# Just another no name guy



## nbanoitall (May 21, 2004)

everyone has to read this. Who is the next Ronald "Flip" Murray. I know....do you? Stevie Johnson from the Icelandic League. He dominated over there in every statistically area. MVP player. Averaging over 30 pts and 13 rebounds. He is a 2 guard or small forward. At 6'5 235lbs he is a beast. Athletic and strong a great rebounder. http://www.willcallbasketball.com/b-johnsonstevie.htm

Check him out. Somebody get this guy an NBA tryout. Dont believe someone from the Icelandic League is in the NBA RIGHT NOW?!?!?! Ask Mark Cuban he will explain that to you.

Ok i know I have posted this in other places.
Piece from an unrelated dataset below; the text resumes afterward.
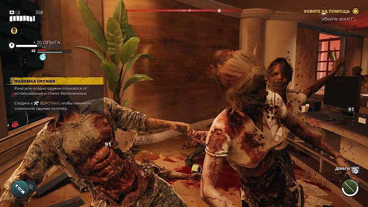 В сюжетном задании герой попадает в отель. Смело ходите по территории, зачищайте номера, гуляйте у бассейна – но на подземную парковку не суйтесь. Высокоуровневые зомби накинутся и быстро откатят к началу локации. А ведь в пылу драки сверхсильного моба легко не заметить.
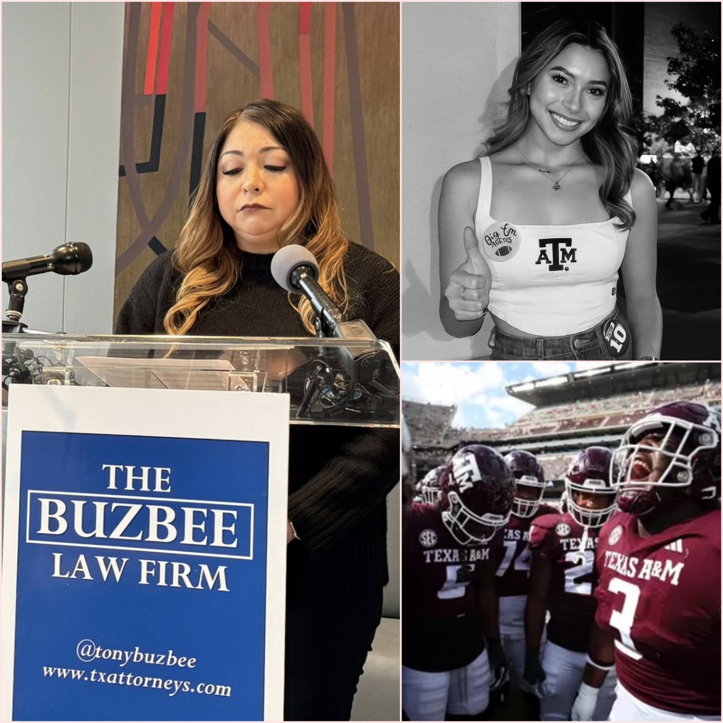 The press conference, held at a Houston legal center packed with reporters, cameras, and supporters wearing pins bearing Briannaโs name, marked the familyโs first major public appearance since announcing their intent to pursue legal action. While the investigation remains ongoing, and no official conclusions have been reached, the familyโs remarks have already thrust Texas A&M into the center of an intensifying storm of public scrutiny.

But the Bobcats have no reason not to work this guy out. I know you hardcore bobcat fans are looking for someone that could be good and cheap. So call up your locall reporter and inform him of this guy. Because they might as well be talking about him

If you have any questions I have actually seen this guy play. If i get any feedback I'll give you all the details why this is the real deal.


----------



## Tyrellaphonte (Feb 21, 2004)

you've seen him play??? Did he dominate??? Where was the game you went to??


----------



## nbanoitall (May 21, 2004)

seen him many times in the united states
played for Iowa State
before the eustachy fall out

was the third option behind Fizer and Tinsley
thats why he never got any NBA draft consideration
see him play football as well
Never seen him play in person in Iceland where he has become the most dominate player overseas dominating in every statistical area. 
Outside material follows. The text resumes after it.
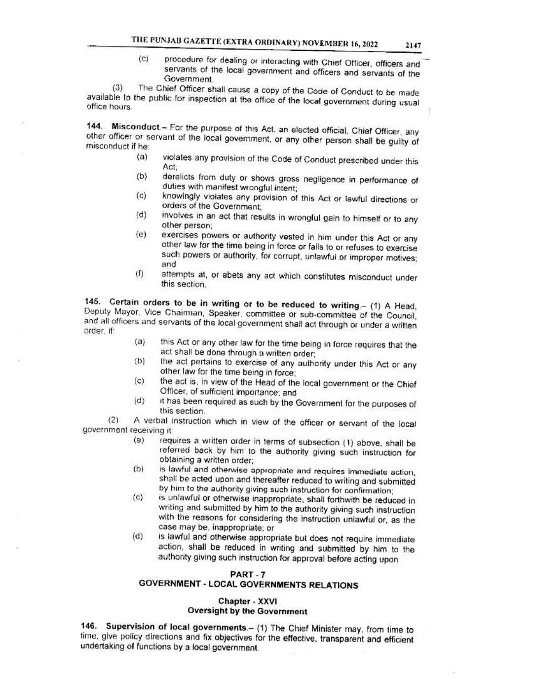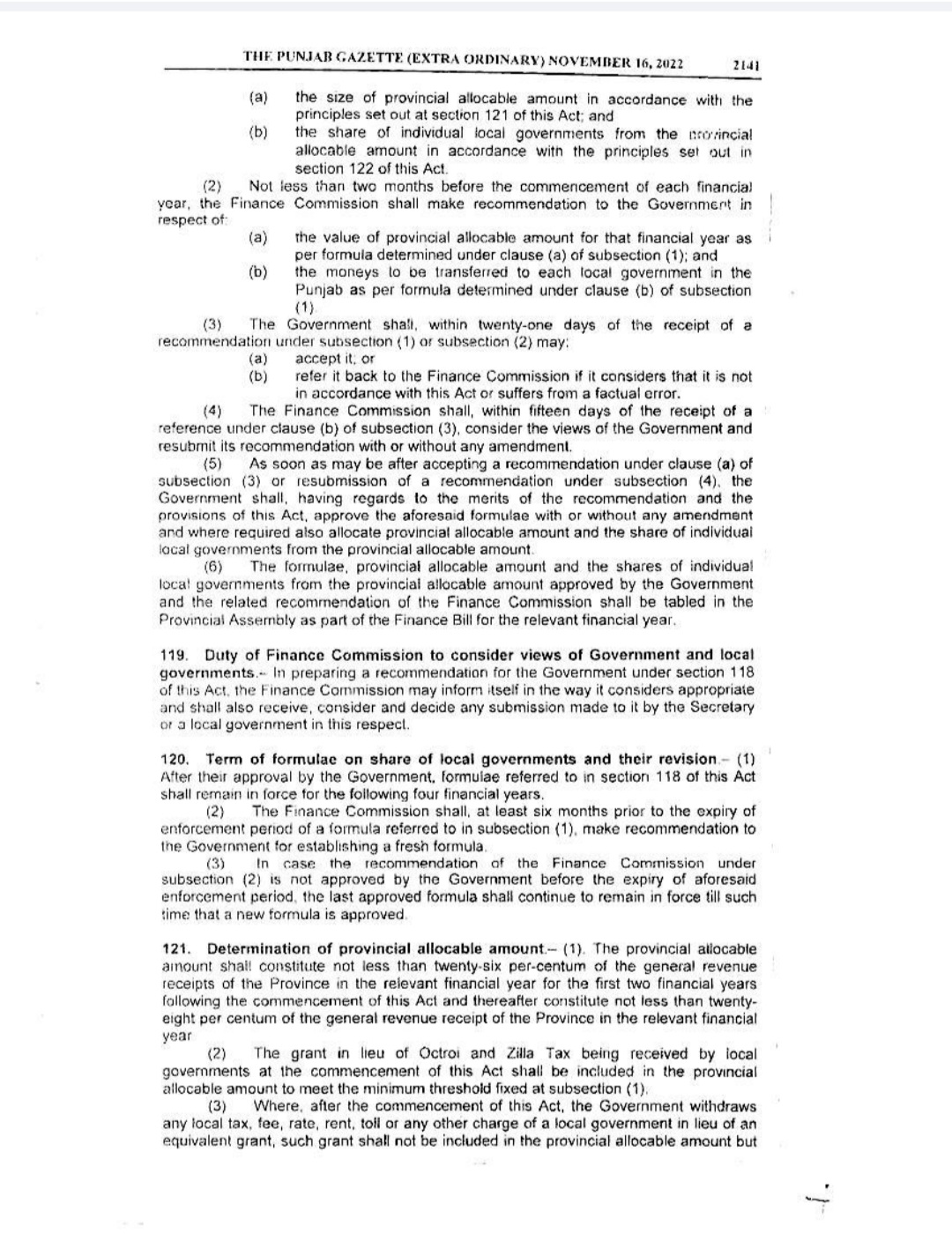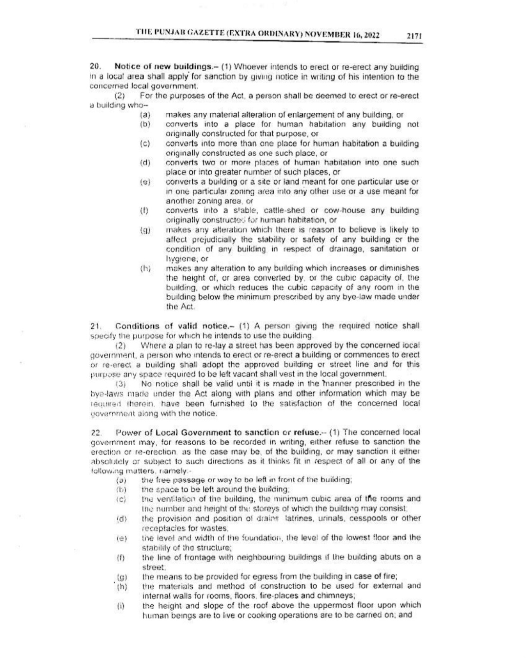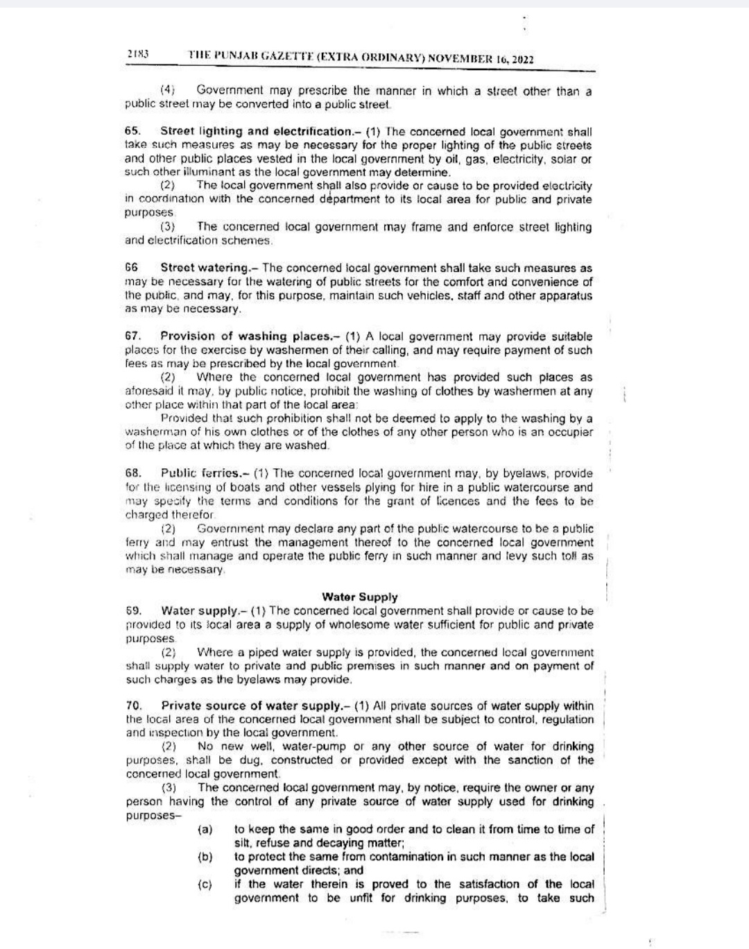 Punjab Local Government Act 2022 Gazette Notification

Always could blow by guys. Excellent athlete and offensive rebounder. Has the body to guard guys in the post. And the ability to shut down a clutch wing player as well. His offense has gone insane overseas as he has developed into a go to guy. League MVP. The reason this guy should try out here is because of his excellent attitude. He is someone that you just want on your team. A hardworker.

A far insuperior player from Iceland was signed and is on the roster of the Dallas Mavericks. 

The bobcats would be crazy not to look at this guy this summer.


----------



## Tyrellaphonte (Feb 21, 2004)

Damn... I read his stats and those are damn good... The bobcats could DEFINATLY look at this guy.


----------



## nbanoitall (May 21, 2004)

no reason he shouldnt get a look

he has been overlooked because of his age

he is a few years removed from college

if he played like this a few years ago...he'd be the next big thing


----------



## farbror (Jul 31, 2003)

Hmmm. This guy is dominating the Icelandic league? Have you ever seen Icelanders play basketball? I would dominate in the icelandic league, and that is saying a lot since I hardly started on my high school team. Iceland is a nation of max 300.000 people. I'm sure he has great stats but you need to be able to dominate more than that league to play in the NBA. I've seen a lot of these type of american players coming over to Sweden to play and none of the greatest americans ever in the swedish league, with similar stats, have ever gone on to the NBA.


----------



## nbanoitall (May 21, 2004)

and they dont have his physical gifts either

you must be joking? **** did you even watch iowa state???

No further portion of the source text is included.